§ **EXERCISE OBJECTIVE**:
Include no pictures. Output exactly the lines from the one that contains "BMGZ2M.01/12 Gniazdo podwójne" through the final line of the entries.

§ **RECORDS FOR THIS EXERCISE**:

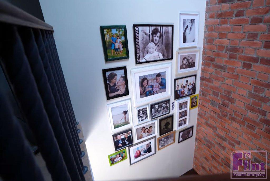 Лестница в доме актёра украшена многочисленными картинами и памятными фотографиями, которые потрясающе органично смотрятся на фоне классической кирпичной кладки. Большинство изображений запечатлели счастливые моменты, которые супруги пережили в поездках по миру. Дмитрий и Екатерина – большие поклонники путешествий. Картины, постеры и фотографии наполняют всё пространство дома Дмитрия Мурашева, и за каждым изображением скрывается своя история.
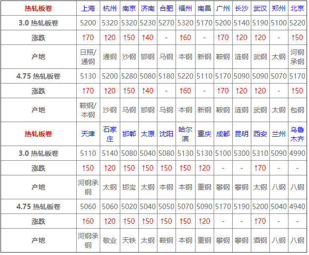 3月25日熱軋板卷價格:高位調整;
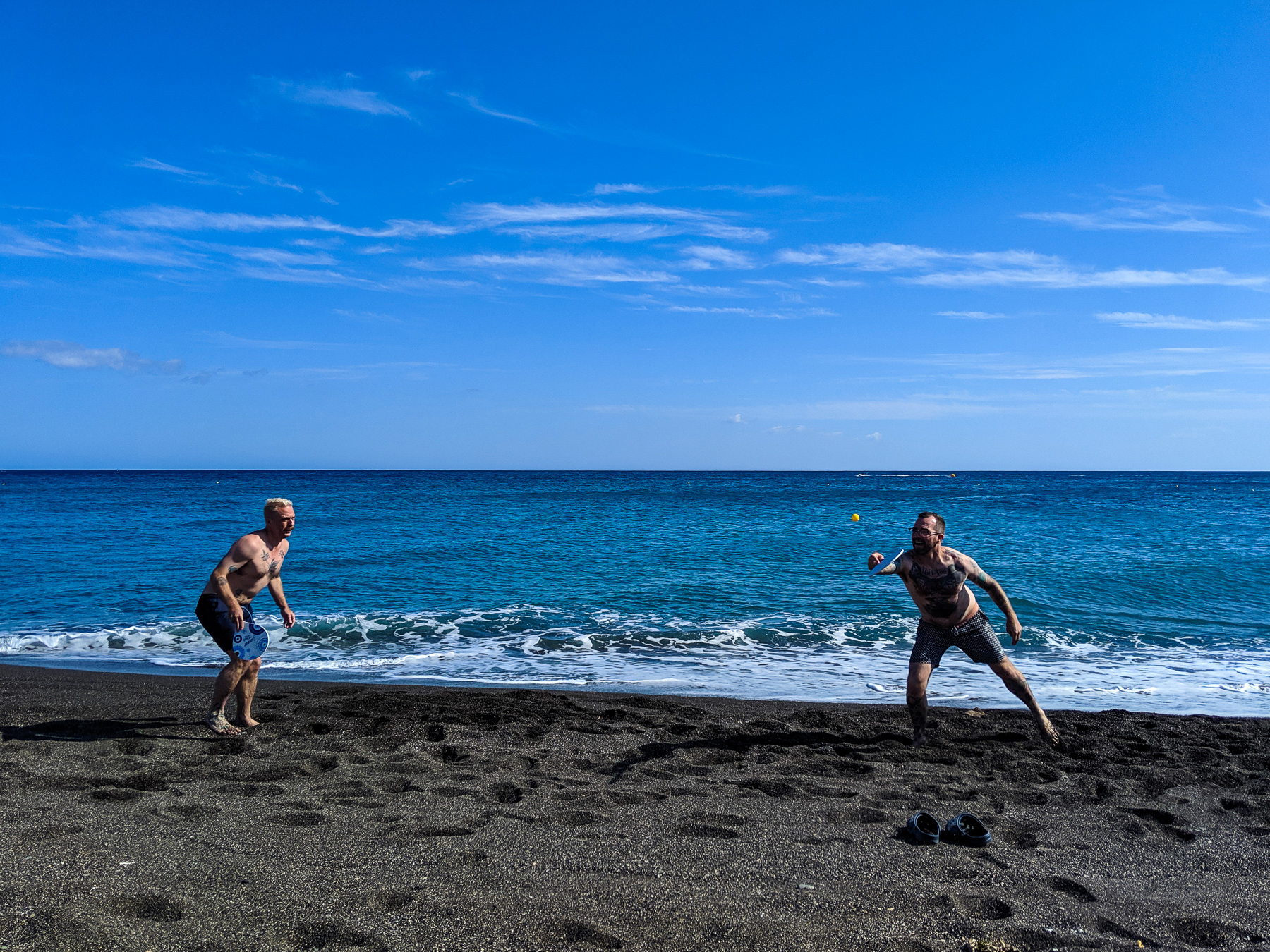 Plus, the folks from the restaurants up the hill happily bring beers to our chaise lounges. The boys played paddle ball on the beach, I read my magazine for hours.
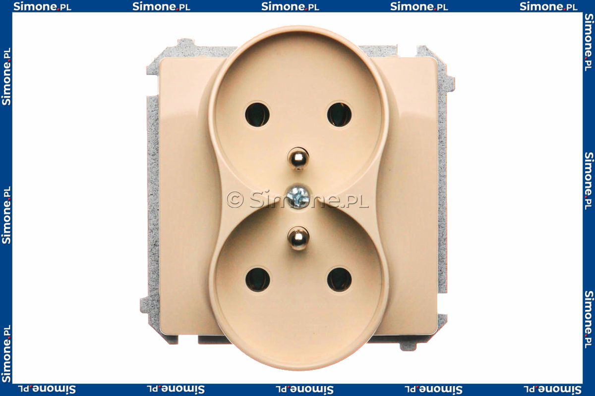 BMGZ2M.01/12 Gniazdo podwójne z bolcem uziemiającym Beżowy Simon Basic - Widok z przodu
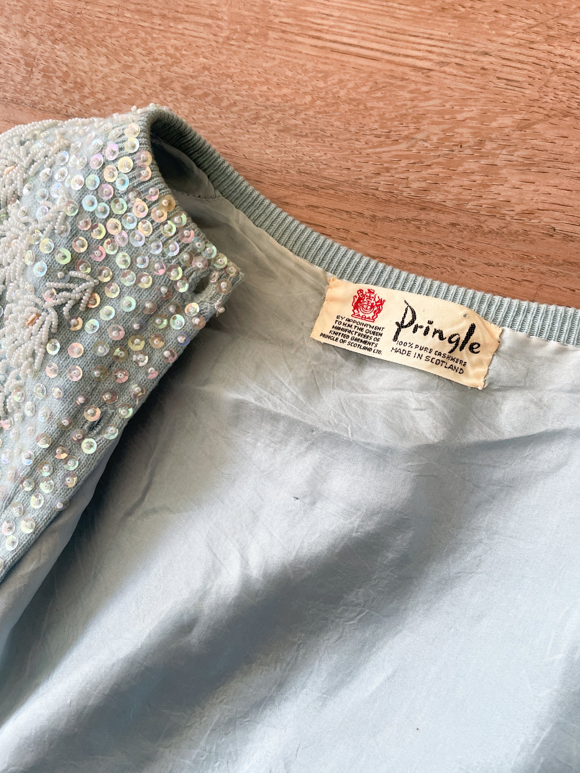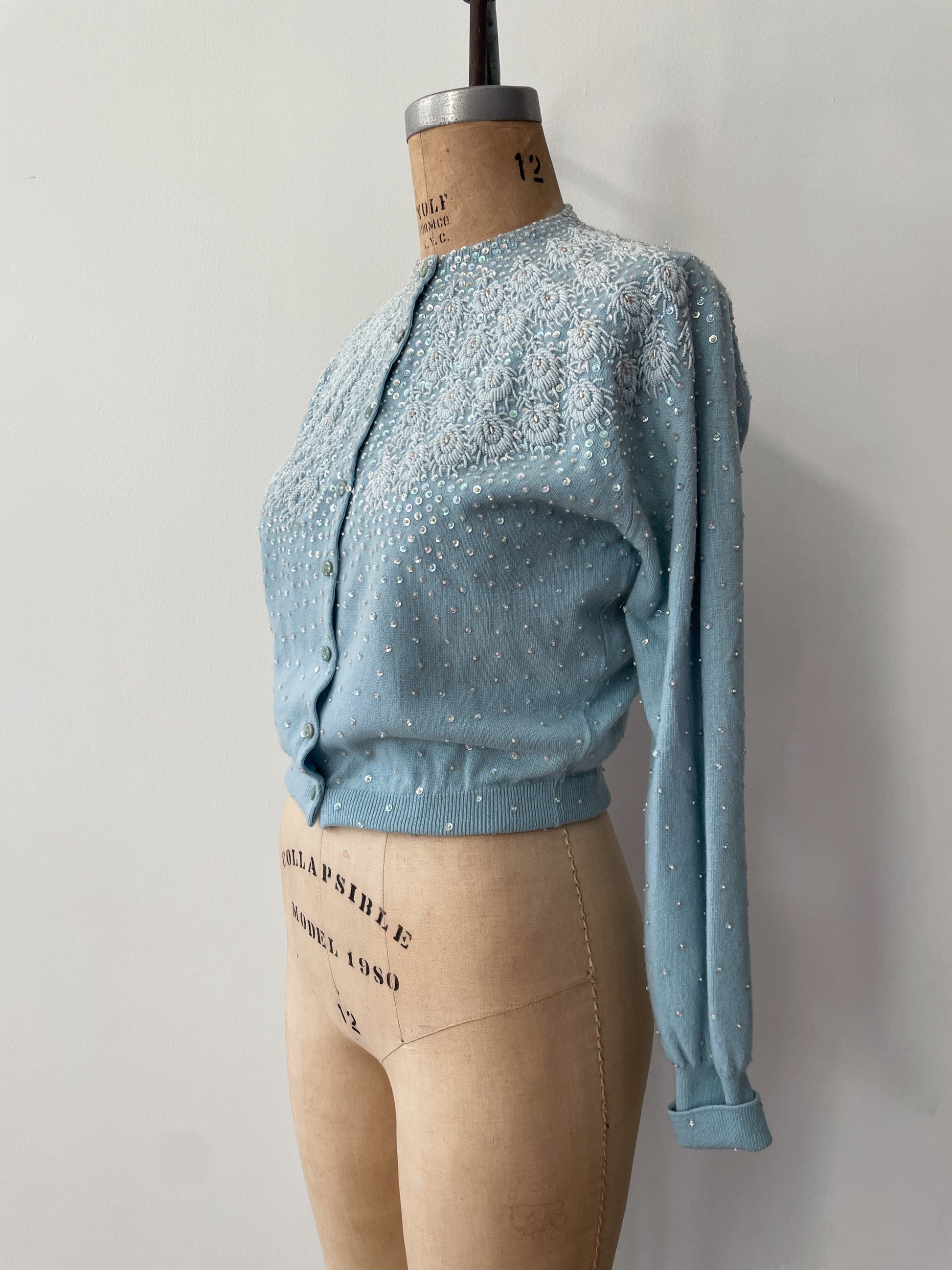 1950s Vintage Pringle of Scotland Pure 100% Cashmere Ice Blue Heavily Beaded Sweater

§ **THE ANSWER**:
 BMGZ2M.01/12 Gniazdo podwójne z bolcem uziemiającym Beżowy Simon Basic - Widok z przodu
 1950s Vintage Pringle of Scotland Pure 100% Cashmere Ice Blue Heavily Beaded Sweater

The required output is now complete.